═══ DATA SHOWN ═══
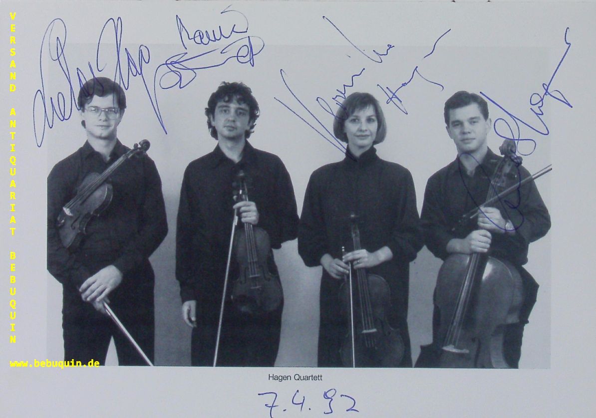 HAGEN QUARTETT.– HAGEN, Lukas + Veronika + Clemens + SCHMIDT, Rainer: Programmheft unter dem Foto von allen eigenhändig signiert und datiert. München (Philharmonie), 7.4.1992. 12 S. mit zahl. Abb. OKart. tadellos = Münchner Konzertdirektion Hörtnagel. Das Hagen Quartett ist ein in den 1970er Jahren gegründetes Streichquartettensemble aus Salzburg und gehört zu den führenden Streichquartetten der Welt. Es bestand ursprünglich aus vier Geschwistern, von denen drei nach wie vor in dem Quartett musizieren. Bekannt wurde das Hagen-Quartett besonders durch seine Gesamteinspielung der Streichquartette Mozarts. (Wikipedia)
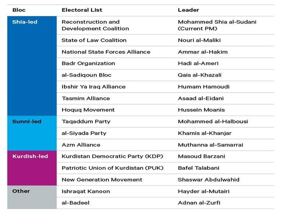 من التحالف العراقي الموحد (UIA) ظهرت الآن العديد من الفصائل الشيعية المتنافسة، وتشمل تحالف إعادة الإعمار والتنمية بقيادة رئيس الوزراء السوداني، دولة القانون بقيادة رئيس الوزراء السابق نوري المالكي ،الصادقون بقيادة قيس الخزعلي ،بدر بقيادة هادي العامري، تحالف القوات الوطنية بقيادة عمار الحكيم، ولدى بعض هذه الجماعات، بدرجات متفاوتة، روابط تاريخية وسياسية مع إيران. الأحزاب الشيعية الآن منقسمة ضمن الاطار التنسيقي (SCF) الذي من المتوقع أن يتوحد بعد الانتخابات، في حين يقاطع مقتدى الصدر الانتخابات. الأكراد يخوضون الانتخابات من خلال أحزاب منفصلة مثل KDP وPUK وحركات أصغر، بينما ظهرت عدة أحزاب سنية جديدة أبرزها تقدم، السيادة، وتحالف عزم.
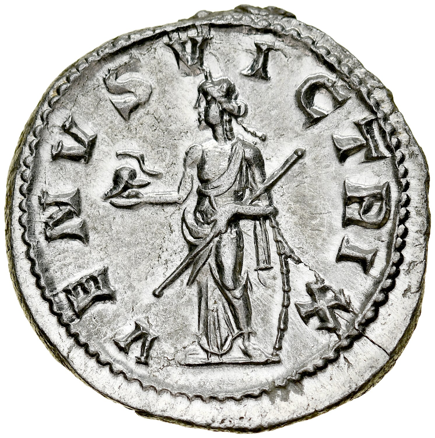 Av.: Popiersie cesarza w wieńcu laurowym, Rv.: Stojąca Venus trzyma hełm i berło, napis: VENVS VICTRIX, RSC 347, RIC 131, piękny, świeży połysk menniczy.
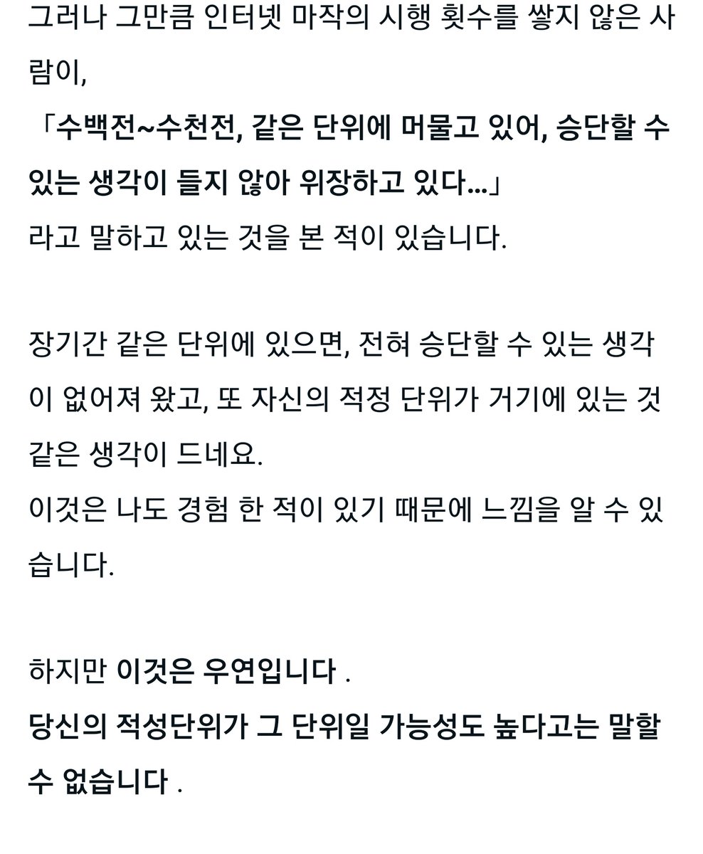 마작은 옳은 선택을 하고도 질 수 있고 잘못된 선택을 하고도 이길 수 있는 게임인데, 결과론을 떠나 결국 내 선택이 옳았는지 틀렸는지를 초보자가 알아차리기란 쉽지 않기 때문이다
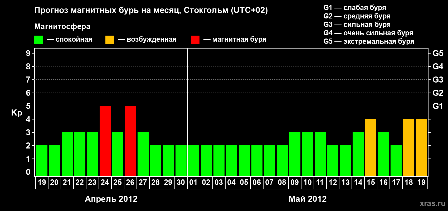 Прогноз магнитных бурь в Стокгольме — 19 апреля 2012 года
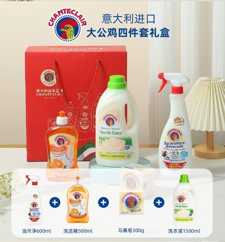 【一般贸易】意大利大公鸡管家 四件套礼盒有礼袋 油污净+洗洁精+洗衣液+马赛洗衣皂
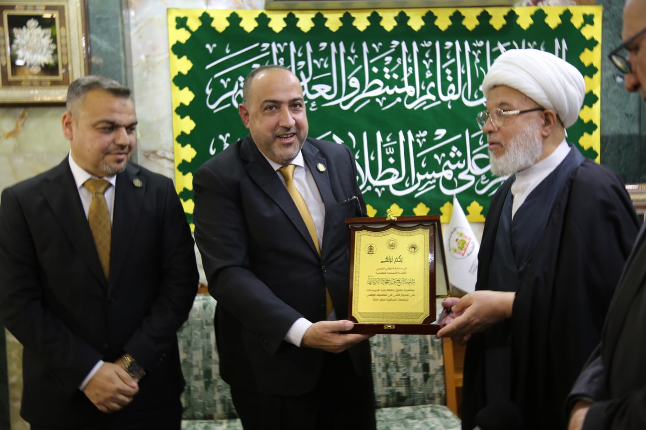وقال رئيس الجامعة الدكتور "ابراهيم سعيد الحياوي" في تصريح لوكالة نون الخبرية ان" حضورنا اليوم الى مكتب المتولي الشرعي للعتبة الحسينية الشيخ عبد المهدي الكربلائي لغرض تكريم الجامعة ومنتسبيها لمناسبة حصولنا على المركز الثاني في التصنيف العراقي للجامعات العراقية، وهو تصنيف سنوي تصدره وزارة التعليم العالي والبحث العلمي ضمن معايير محددة حصلت فيه جامعة وارث الانبياء على المركز الثاني، وتركزت توجيهات المتولي الشرعي للعتبة الحسينية على الاهتمام بالجانبين التعليمي والاخلاقي للطلبة، كونها جامعة تابعة الى العتبة الحسينية المقدسة لذلك نولي اهتماما كبيرا بكلتا الجانبين، لاننا لا ننظر الى الطالب المتخرج انه خريج فقط، بل انه قائد، ومسؤول، ومتميز، وباحث، لذلك نراعي الجوانب القيمية والاخلاقية في العملية الاكاديمية ونحن سائرون بتوجيهات المتولي الشرعي للعتبة الحسينية، ويمثل هذا التكريم للجامعة مسؤولية والتزام لبذل المزيد من الجهود وتقديم العطاء والتميز اكثر".
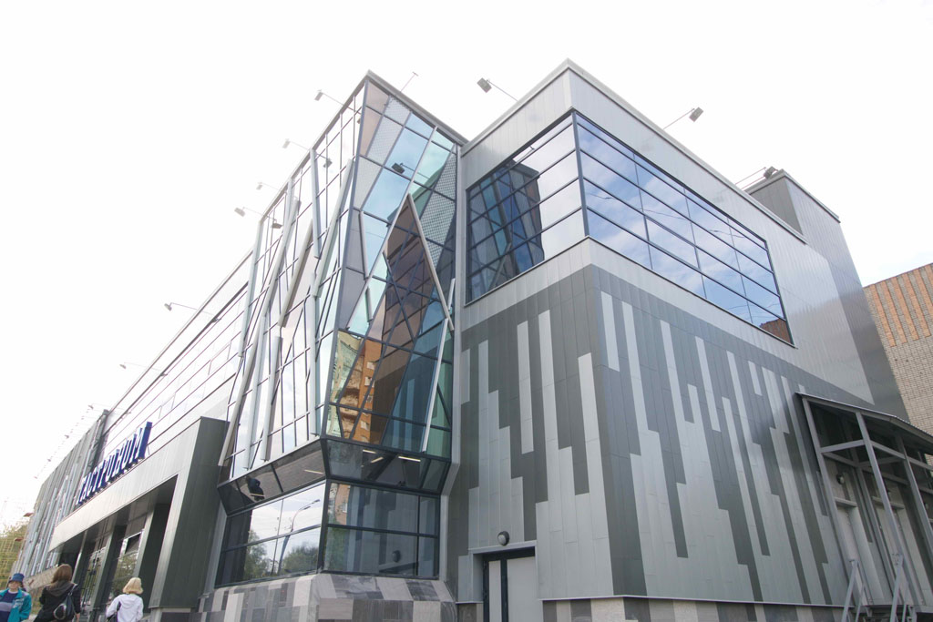 Интересный и красивый проект отделки фасада панелями из цинк-титана RHEINZINK реализован в Ижевске на объекте Торговый центр Океан (2008-09 г.г., компания Юникон). Применялся материал темно-серого и серо-голубого оттенков в панелях 28 типоразмеров. В результате, в сочетании с оригинальным остеклением и конструкциями витражей, различающихся по цвету, форме и размерам, фасад играет, как поверхность моря.
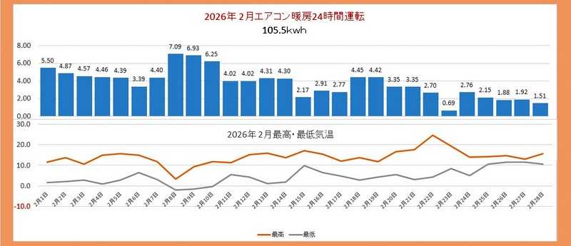 2026年2月の暖房運転費用は 106kwh×23.1円 =2,449円 87.5円/日
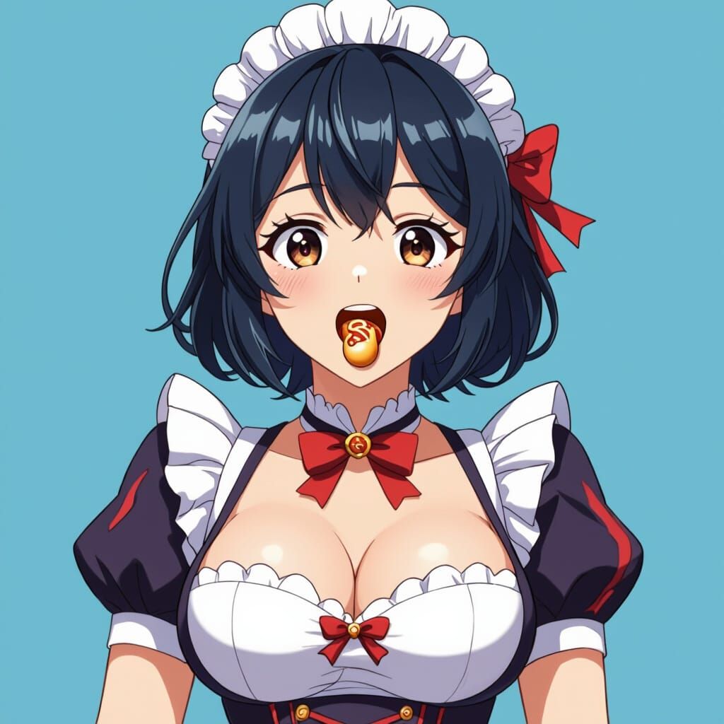 This image shows Noelle from Genshin Impact in a maid outfit, mouth open in surprise. The vibrant, anime-inspired style is reminiscent of iconic artists, creating a captivating and detailed portrait.
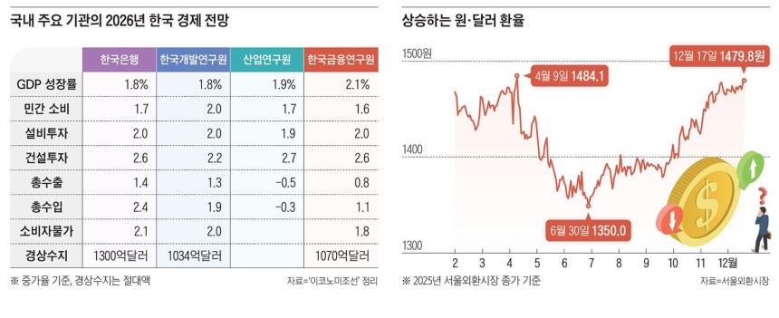 실제 한은은 2025년 12월 17일‘물가 안정 목표 운영 상황 점검’설명회에서 2026년 소비자물가 상승률 전망치를 2.1%로 상향했다.앞선 11월 27일 경제 전망 발표 때 제시했던 2.0% 전망치를 20일 만에 조정한 것이다.그러면서 최근의 달러당 1470원대 원화 환율이 상당 기간 지속하면 내년 소비자물가 상승률이 2.3%까지 오를 수 있다고 우려했다.한 금융회사 이코노미스트는 “한은이 불과 20일 만에 소비자물가 상승률 전망치를 상향한 것은 최근 환율 상승이 쉽게 안정될 수 있는 상황이 아니라는 점을 인정한 것”이라면서 “원화 약세 속도와 폭이 새해 경기회복의 최대 변수가 되고 있다”고 했다.
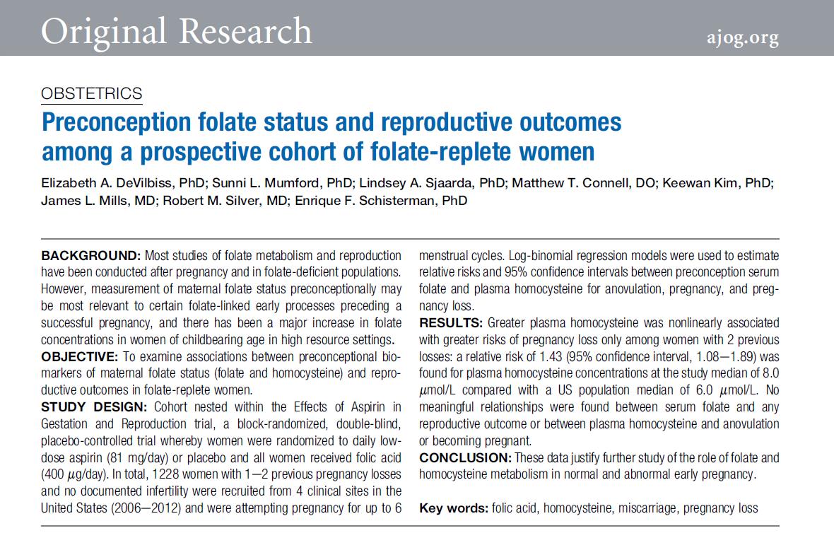 یہ نتائج ظاہر کرتے ہیں کہ فولک ایسڈ کی مناسب مقدار کے ساتھ،حمل کے نتائج پر منحصر ہے فولیٹ میٹابولک صلاحیت پر، اکیلے سیرم کی سطح نہیں۔
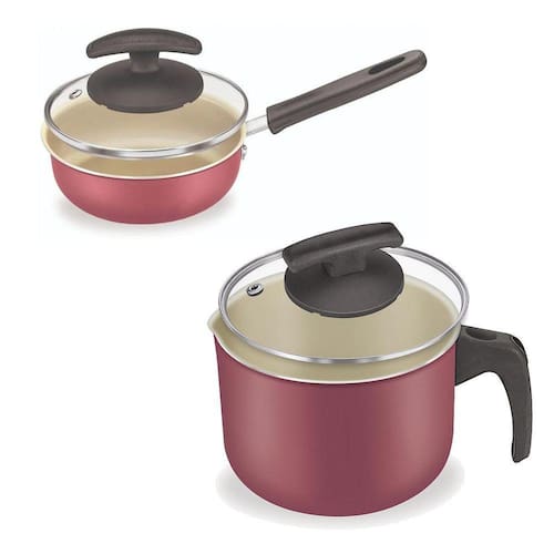 Kit Frigideira Baby + Caneca Leiteira Antiaderentes Cereja Cor: Cereja Não perca a oportunidade de adquirir nosso incrível kit de frigideira baby de 12cm e caneca leiteira de 14cm com tampa de vidro temperado e antiaderente As frigideiras são ideais para preparar alimentos em porções menores, como ovos, legumes e carnes, sem se preocupar com o excesso de gordura, já que o revestimento antiaderente impede que os alimentos grudem na superfície. Além disso, a tampa de vidro temperado permite que você acompanhe o processo de cozimento sem precisar levantar a tampa e perder o calor. A caneca leiteira também possui revestimento antiaderente e tampa de vidro temperado, sendo perfeita para esquentar leite, preparar molhos e derreter manteiga, entre outras receitas. E com sua capacidade de 14cm, é possível preparar porções individuais sem desperdício de alimentos. Não perca mais tempo na cozinha e adquira agora mesmo o nosso kit de frigideira baby e caneca leiteira, a solução perfeita para sua cozinhaCaracterísticas da Frigideira:Comprimento: 26 cmDiâmetro: 12 cmAltura sem tampa: 4 cmAltura com tampa: 10 cmPeso aproximado: 400 g Características da Leiteira:Comprimento: 19,5 cmLargura: 15,5 cmAltura s/ Tampa: 10 cmAltura com Tampa: 16,2 cmCapacidade: 1,5 LitrosEspessura: 2mm
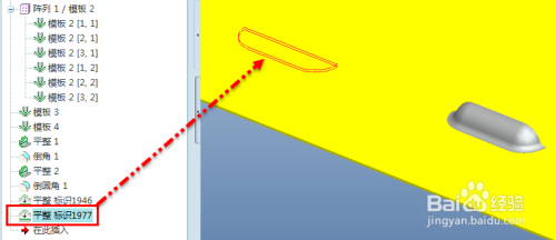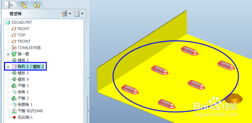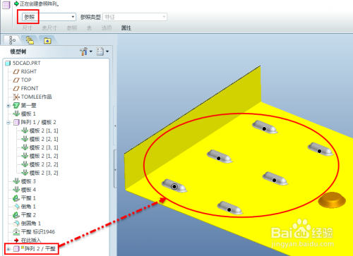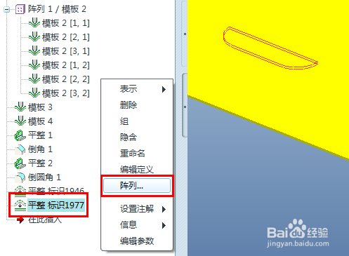 在模子树选中平整特征,单击右键弹出快捷菜单,点击阵列,默认参照阵列。全数当作型特征,一次全数展平。
═══
Your task is a word-for-word transcription of the entries, leaving out all pictures.

 HAGEN QUARTETT.– HAGEN, Lukas + Veronika + Clemens + SCHMIDT, Rainer: Programmheft unter dem Foto von allen eigenhändig signiert und datiert. München (Philharmonie), 7.4.1992. 12 S. mit zahl. Abb. OKart. tadellos = Münchner Konzertdirektion Hörtnagel. Das Hagen Quartett ist ein in den 1970er Jahren gegründetes Streichquartettensemble aus Salzburg und gehört zu den führenden Streichquartetten der Welt. Es bestand ursprünglich aus vier Geschwistern, von denen drei nach wie vor in dem Quartett musizieren. Bekannt wurde das Hagen-Quartett besonders durch seine Gesamteinspielung der Streichquartette Mozarts. (Wikipedia)
 من التحالف العراقي الموحد (UIA) ظهرت الآن العديد من الفصائل الشيعية المتنافسة، وتشمل تحالف إعادة الإعمار والتنمية بقيادة رئيس الوزراء السوداني، دولة القانون بقيادة رئيس الوزراء السابق نوري المالكي ،الصادقون بقيادة قيس الخزعلي ،بدر بقيادة هادي العامري، تحالف القوات الوطنية بقيادة عمار الحكيم، ولدى بعض هذه الجماعات، بدرجات متفاوتة، روابط تاريخية وسياسية مع إيران. الأحزاب الشيعية الآن منقسمة ضمن الاطار التنسيقي (SCF) الذي من المتوقع أن يتوحد بعد الانتخابات، في حين يقاطع مقتدى الصدر الانتخابات. الأكراد يخوضون الانتخابات من خلال أحزاب منفصلة مثل KDP وPUK وحركات أصغر، بينما ظهرت عدة أحزاب سنية جديدة أبرزها تقدم، السيادة، وتحالف عزم.
 Av.: Popiersie cesarza w wieńcu laurowym, Rv.: Stojąca Venus trzyma hełm i berło, napis: VENVS VICTRIX, RSC 347, RIC 131, piękny, świeży połysk menniczy.
 마작은 옳은 선택을 하고도 질 수 있고 잘못된 선택을 하고도 이길 수 있는 게임인데, 결과론을 떠나 결국 내 선택이 옳았는지 틀렸는지를 초보자가 알아차리기란 쉽지 않기 때문이다
 Прогноз магнитных бурь в Стокгольме — 19 апреля 2012 года
 【一般贸易】意大利大公鸡管家 四件套礼盒有礼袋 油污净+洗洁精+洗衣液+马赛洗衣皂
وقال رئيس الجامعة الدكتور "ابراهيم سعيد الحياوي" في تصريح لوكالة نون الخبرية ان" حضورنا اليوم الى مكتب المتولي الشرعي للعتبة الحسينية الشيخ عبد المهدي الكربلائي لغرض تكريم الجامعة ومنتسبيها لمناسبة حصولنا على المركز الثاني في التصنيف العراقي للجامعات العراقية، وهو تصنيف سنوي تصدره وزارة التعليم العالي والبحث العلمي ضمن معايير محددة حصلت فيه جامعة وارث الانبياء على المركز الثاني، وتركزت توجيهات المتولي الشرعي للعتبة الحسينية على الاهتمام بالجانبين التعليمي والاخلاقي للطلبة، كونها جامعة تابعة الى العتبة الحسينية المقدسة لذلك نولي اهتماما كبيرا بكلتا الجانبين، لاننا لا ننظر الى الطالب المتخرج انه خريج فقط، بل انه قائد، ومسؤول، ومتميز، وباحث، لذلك نراعي الجوانب القيمية والاخلاقية في العملية الاكاديمية ونحن سائرون بتوجيهات المتولي الشرعي للعتبة الحسينية، ويمثل هذا التكريم للجامعة مسؤولية والتزام لبذل المزيد من الجهود وتقديم العطاء والتميز اكثر".
 Интересный и красивый проект отделки фасада панелями из цинк-титана RHEINZINK реализован в Ижевске на объекте Торговый центр Океан (2008-09 г.г., компания Юникон). Применялся материал темно-серого и серо-голубого оттенков в панелях 28 типоразмеров. В результате, в сочетании с оригинальным остеклением и конструкциями витражей, различающихся по цвету, форме и размерам, фасад играет, как поверхность моря.
 2026年2月の暖房運転費用は 106kwh×23.1円 =2,449円 87.5円/日
 This image shows Noelle from Genshin Impact in a maid outfit, mouth open in surprise. The vibrant, anime-inspired style is reminiscent of iconic artists, creating a captivating and detailed portrait.
 실제 한은은 2025년 12월 17일‘물가 안정 목표 운영 상황 점검’설명회에서 2026년 소비자물가 상승률 전망치를 2.1%로 상향했다.앞선 11월 27일 경제 전망 발표 때 제시했던 2.0% 전망치를 20일 만에 조정한 것이다.그러면서 최근의 달러당 1470원대 원화 환율이 상당 기간 지속하면 내년 소비자물가 상승률이 2.3%까지 오를 수 있다고 우려했다.한 금융회사 이코노미스트는 “한은이 불과 20일 만에 소비자물가 상승률 전망치를 상향한 것은 최근 환율 상승이 쉽게 안정될 수 있는 상황이 아니라는 점을 인정한 것”이라면서 “원화 약세 속도와 폭이 새해 경기회복의 최대 변수가 되고 있다”고 했다.
 یہ نتائج ظاہر کرتے ہیں کہ فولک ایسڈ کی مناسب مقدار کے ساتھ،حمل کے نتائج پر منحصر ہے فولیٹ میٹابولک صلاحیت پر، اکیلے سیرم کی سطح نہیں۔
 Kit Frigideira Baby + Caneca Leiteira Antiaderentes Cereja Cor: Cereja Não perca a oportunidade de adquirir nosso incrível kit de frigideira baby de 12cm e caneca leiteira de 14cm com tampa de vidro temperado e antiaderente As frigideiras são ideais para preparar alimentos em porções menores, como ovos, legumes e carnes, sem se preocupar com o excesso de gordura, já que o revestimento antiaderente impede que os alimentos grudem na superfície. Além disso, a tampa de vidro temperado permite que você acompanhe o processo de cozimento sem precisar levantar a tampa e perder o calor. A caneca leiteira também possui revestimento antiaderente e tampa de vidro temperado, sendo perfeita para esquentar leite, preparar molhos e derreter manteiga, entre outras receitas. E com sua capacidade de 14cm, é possível preparar porções individuais sem desperdício de alimentos. Não perca mais tempo na cozinha e adquira agora mesmo o nosso kit de frigideira baby e caneca leiteira, a solução perfeita para sua cozinhaCaracterísticas da Frigideira:Comprimento: 26 cmDiâmetro: 12 cmAltura sem tampa: 4 cmAltura com tampa: 10 cmPeso aproximado: 400 g Características da Leiteira:Comprimento: 19,5 cmLargura: 15,5 cmAltura s/ Tampa: 10 cmAltura com Tampa: 16,2 cmCapacidade: 1,5 LitrosEspessura: 2mm
 在模子树选中平整特征,单击右键弹出快捷菜单,点击阵列,默认参照阵列。全数当作型特征,一次全数展平。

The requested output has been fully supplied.